Hi everyone,
I am working on a model with continuous parameters that creates a discrete “intermediate variable” which causes some problems. I asked regarding this issue a while ago here: Slow sampling for phenological model but since my questions are now more specific I thought it is better to open a new thread with better tags and problem description. Please let me know if that’s right or if I should have added my new questions in the old thread.
Here is a brief summary of the model:
The model predicts the day of year (integer) on which a plant reaches a new stage in its development (like getting leaves). The plant accumulates daily “development units” until a threshold is reached. This threshold is the parameter of interest. The data are daily values of the development unit and observed days of year when a new stage in plant development is reached. There are several stations and years. In the end this will be a hierarchical model but for now, full pooling is also fine.
Here is a bad, small, unmarginalized example:
data {
int<lower=1> J; // Number of stations
int<lower=1> K[J]; // Number of years per station
int time_span; // Time span in the data (last year of any station - first year of any station)
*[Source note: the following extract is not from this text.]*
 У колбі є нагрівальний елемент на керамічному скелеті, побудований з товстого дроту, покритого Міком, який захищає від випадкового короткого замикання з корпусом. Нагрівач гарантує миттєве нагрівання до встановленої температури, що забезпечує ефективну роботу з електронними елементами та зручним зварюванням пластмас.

int<lower=0> N[J, time_span]; // Number of days observed per year per station
real DU[366, J, time_span]; // Daily cumulative development units for each station-year
int event_day[J, time_span]; // Observed event day for each station-year
}
parameters {
real DU_threshold;
real<lower=0> sigma;
}
model {
DU_threshold ~ normal(1300, 40);
sigma ~ lognormal(0, 1);
for (j in 1:J) {
for (k in 1:time_span) {
if (N[j, k] > 0) {
real predicted_event_day = 0;
for (i in 1:N[j,k]) {
if (DU[i,j,k] >= DU_threshold && predicted_event_day == 0) {
predicted_event_day = i;
}
}
if (predicted_event_day > 0 && event_day[j, k] != -999) {
event_day[j, k] ~ normal(predicted_event_day, sigma);
}
}
}
}
}
In my previous post Aki pointed out that a way forward would be to make predicted event day continuous (which I did and it works and makes perfect sense to me) or to marginalize it out. The marginalization is what I want to try now. In all examples I could find it is always a discrete parameter which is marginalized out, however my parameter DU_threshold is continuous, but together with data on development units it creates the discrete predicted event day along the way.
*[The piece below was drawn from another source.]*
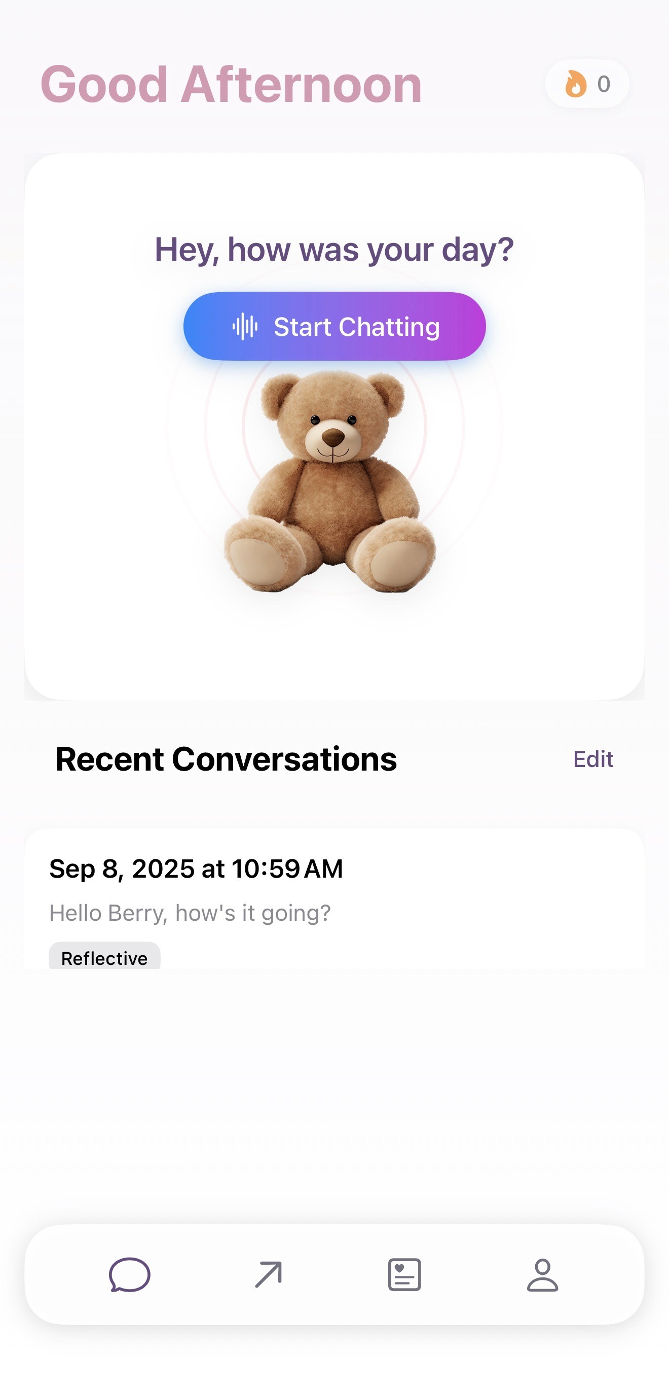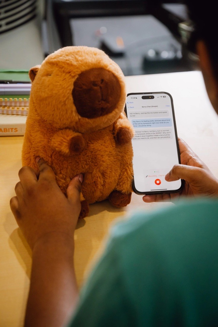 push a button on Berry's chest to speak. It's available 24/7 so you can chat in the morning, after a long day, or even super late at night if you need to chat.

If I understand correctly then the idea is to not estimate one particular predicted event day but rather to calculate and sum up the probabilities of all possible values (from 1 to 365) it can take, in the light of the data and parameters. So that I want to construct a log_likelihoods vector of length 365 and eventually use target += log_sum_exp(log_likelihoods). I struggle with incorporating the data on development units and the DU_threshold parameter into this.
Here is a try:
data {
int<lower=1> J; // Number of stations
int<lower=1> K[J]; // Number of years per station
int time_span; // time span in the data (last year of any station - first year of any station)
int<lower=0> N[J, time_span]; // Number of days observed per year per station
real DU[366, J, time_span]; // Daily cumulative development units for each station-year
int event_day[J, time_span]; // Observed event day for each station-year
}
parameters {
real<lower=100> DU_threshold;
real<lower=0.5> sigma;
real<lower=0.1> sigma2;
}
transformed parameters{
vector[365] log_likelihoods;
log_likelihoods = rep_vector(0, 365);
for (j in 1:J) {
for (k in 1:time_span) {
if (N[j, k] > 0) {
for (i in 1:365) {
log_likelihoods[i] = log_likelihoods[i] + normal_lpdf(event_day[j, k] |i, sigma) + normal_lpdf(DU[i,j,k]|DU_threshold, sigma2);
}
}
}
}
}
model {
mu_DU ~ normal(1300, 20);
sigma ~ normal(15, 5);
sigma2 ~ normal(0, 5);
target += log_sum_exp(log_likelihoods);
}
What I don’t like is the + normal_lpdf(DU[i,j,k]|DU_threshold, sigma2)
part. I somehow need to get the DU data and the DU_threshold parameter into the log_likelihoods but this approach does not seem too nice, plus it adds the sigma2
parameter. I would prefer not to add a new parameter if possible. I would be grateful for any comments and advice. I guess this is a rather simple issue but my mathematical training is unfortunately lacking.
A following question would be, once the calculations are set up for all possible 365 predicted_event_days, does that open up the possibility of using in-chain parallelization since these 365 terms are independent? Is this then a case where reduce_sum() can be used to spread these calculations across several cores?
Thank you!